How to download a directory recursively with wget

Recursive retrieval is useful when one published directory needs to be copied locally with its files still arranged in a usable tree. That makes it practical to review exports offline, pass the result to another tool, or preserve one bounded part of a site without mirroring everything.

GNU wget follows links from the starting directory page when -r is enabled. -np blocks climbs above the starting path, and -l sets how many link levels wget may follow, so -l 1 fits one directory while -l 2 reaches files inside its first nested subdirectories.
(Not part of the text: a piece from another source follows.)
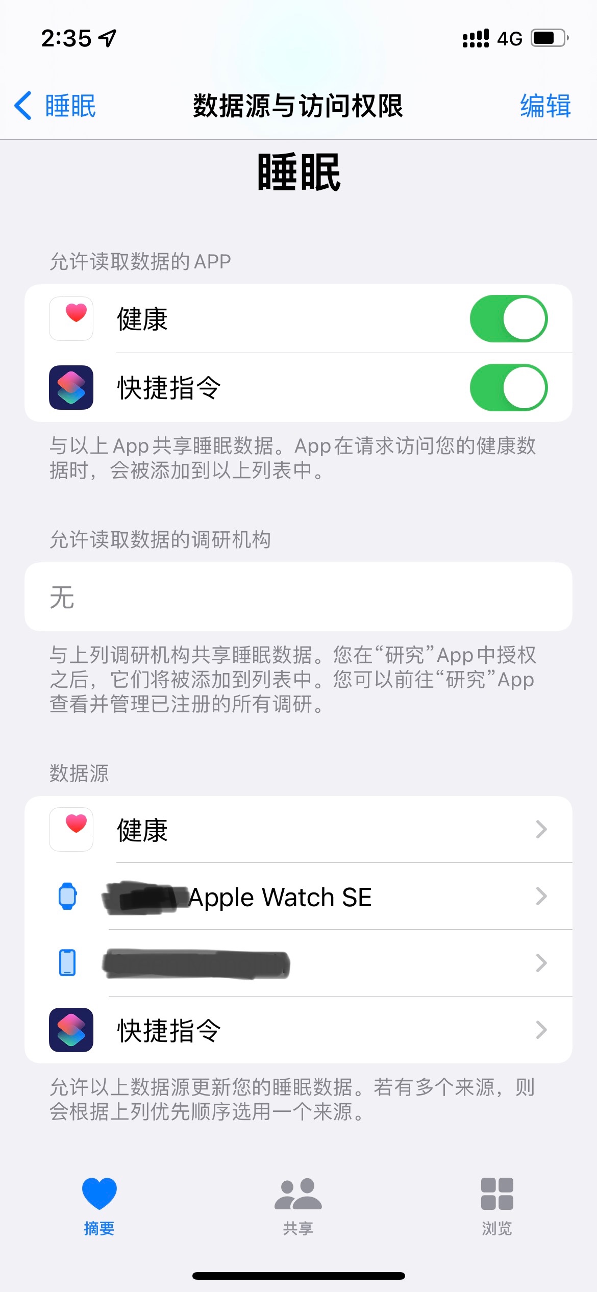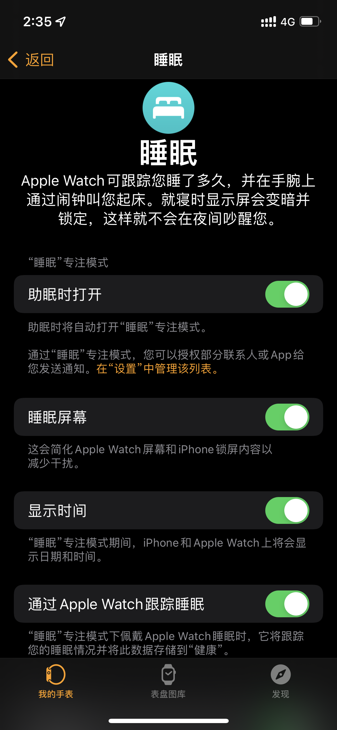 要让Apple Watch 统计睡眠情况的话。在Watch App里打开“通过Apple Watch 跟踪睡眠”,并且要在 健康App 的 睡眠-数据源与访问权限里添加Apple Watch。如下。

The starting URL should end with a trailing slash so -np treats it as a directory boundary, and recursive runs still fetch the HTML listing page and robots.txt while discovering links. Raise the level only as far as the remote tree needs, and add request delays before pointing the same pattern at a shared or rate-limited host.

Steps to download a directory recursively with wget:

Run wget against the directory URL with recursion deep enough to reach the nested files that belong in the local copy.
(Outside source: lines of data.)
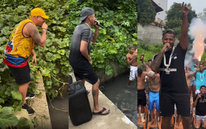 MCs Cego, Elvis e Vertinho em show em canal de esgoto no Recife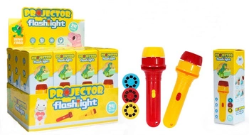 LATARKA-PROJEKTOR 2 W 1, pak 576 ręczna latarka z wmontowaną opcją projektora, trzy klisze, 24 obrazki, baterie załączone. display 12, wymiary display: 15,3 x 11,5 x 17,5 cm wymiary opakowania: 11,5 x 3,7 x 3,7 cm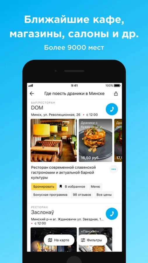 • Интерактивная карта для поиска ближайших заведений и вызов навигатора Яндекс, Google, MAPS.ME прямо с карточки места.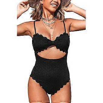 Women's One Piece Swimsuit Sexy Cutout Scallop Trim Bathing Suit Swimming Costume-Good

$ wget -r -np -l 2 -P mirror https://archive.example.net/exports/records/
--2026-04-22 06:24:45--  https://archive.example.net/exports/records/
Resolving archive.example.net (archive.example.net)... 203.0.113.50
Connecting to archive.example.net (archive.example.net)|203.0.113.50|:443... connected.
HTTP request sent, awaiting response... 200 OK
Saving to: 'mirror/archive.example.net/exports/records/index.html'

##### snipped #####

Saving to: 'mirror/archive.example.net/robots.txt'
Saving to: 'mirror/archive.example.net/exports/records/reports/daily-summary.csv'
Saving to: 'mirror/archive.example.net/exports/records/reports/monthly-summary.csv'
Saving to: 'mirror/archive.example.net/exports/records/assets/storage-trend.png'

FINISHED --2026-04-22 06:24:46--
Downloaded: 5 files, 34K in 0.02s (1.68 MB/s)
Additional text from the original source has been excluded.